"Bang, tiket Jakarta Bang!"
Seorang calo tiket menawarkan tiket dengan suara seperti membentak sambil tangannya mengacungkan lembaran tiket nyaris ke mukaku. Aku menggeleng.
"Ambilah, Bang. Sudah murah ini!"
Abang ini tidak mengerti kalau menggeleng itu artinya menolak. Lagi pula kami ini baru saja turun dari pesawat masak harus terbang lagi. Alih-alih menggubris aksi calo itu, aku memanggil sopir taksi yang berseragam. Ini kulakukan sesuai saran kawan Robert, "Di Medan, bertanyalah kepada orang-orang yang berseragam. Mereka orang resmi, bukan kaleng-kaleng!"
Setelah sepakat ongkosnya kami pun naik taksi meluncur ke Komplek Perumahan Dosen USU, di Jalan Doktor Mansur, Padang Bulan.

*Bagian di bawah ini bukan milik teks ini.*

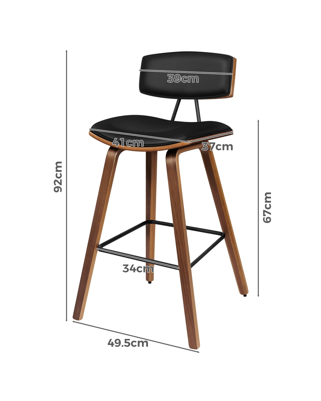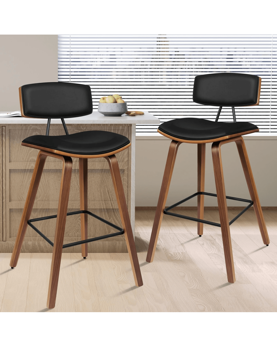 Upholstered in premium PU leather, the seat and backrest are richly padded with high-resilience foam and comfortable. Enhanced wooden base, made of solid plywood, ensures ultra stability with long-lasting durability. Your floor is also aptly protected with anti-slip plastic floor protectors attached to each leg of the bar stool.
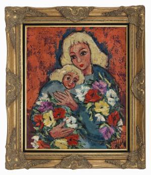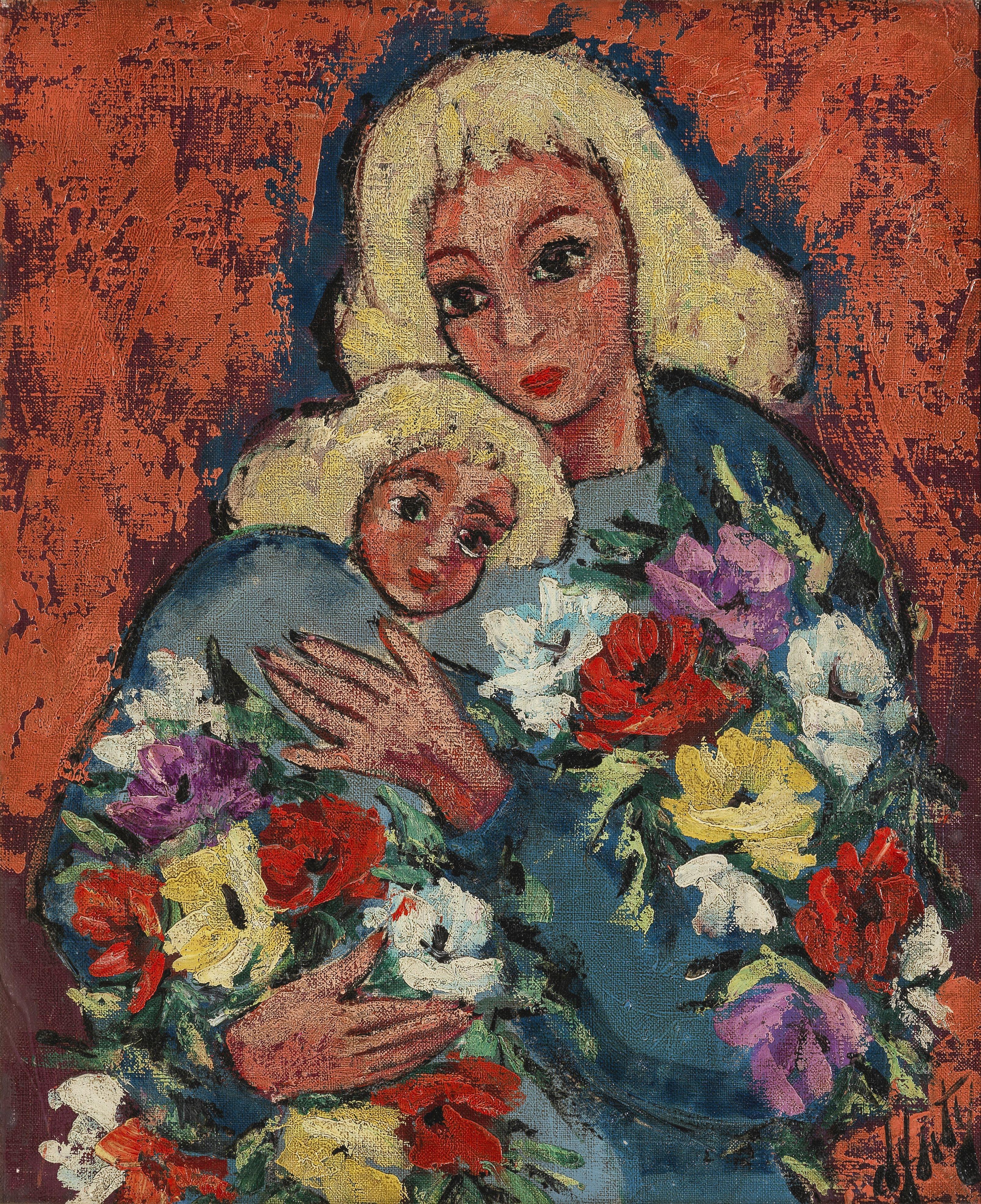 Maternité, huile sur toile, signée, cachet de l'atelier au dos, 65x54 cm

"Horas Bah, ayo masuk halak Sidempuan!" seperti kawan lama tidak berjumpa.
Ibunya Robert menyambut kami dengan sangat akrab. Setelah membayar ongkos taksi kami pun masuk ke dalam rumah. Di ruang tamu sudah tersaji sirup markisa dan kue bika ambon. Setelah duduk kami pun diminta untuk segera meminumnya. Pasti haus, katanya karena udara kota Medan panas sekali.
"Si Robert, sangat beruntung dia. Baru sampai kemarin sore sudah langsung dapat tempat kos. Bosnya sangat baik, dipinjaminya kereta, bisa dibawa pulang pula ke tempat kosnya!"
Sirup markisa dingin yang baru masuk kerongkonganku nyaris menyembur keluar dari mulutku mendengar kalau Robert boleh membawa kereta ke tempat kosnya, di Surabaya. Kereta mainan atau apa, sampai bisa diparkir di rumah?
Gerbong kereta api Bima saja panjangnya tak kurang dari 10 meter, mana bisa diparkir di depan rumah. Aku tergelak setelah dijelaskan bahwa kereta yang dipinjam Robert itu adalah kereta Jepang merknya Honda Win.
Di Jawa, namanya sepeda motor. Penyambutan orang tua Robert yang begitu akrab membuatku lupa dengan peristiwa konyol di Bandara Soeta tadi pagi, bahkan lupa kalau perjalanan menuju Padangsidempuan masih jauh. Bolu bika ambon pun meluncur dengan lancar di kerongkonganku.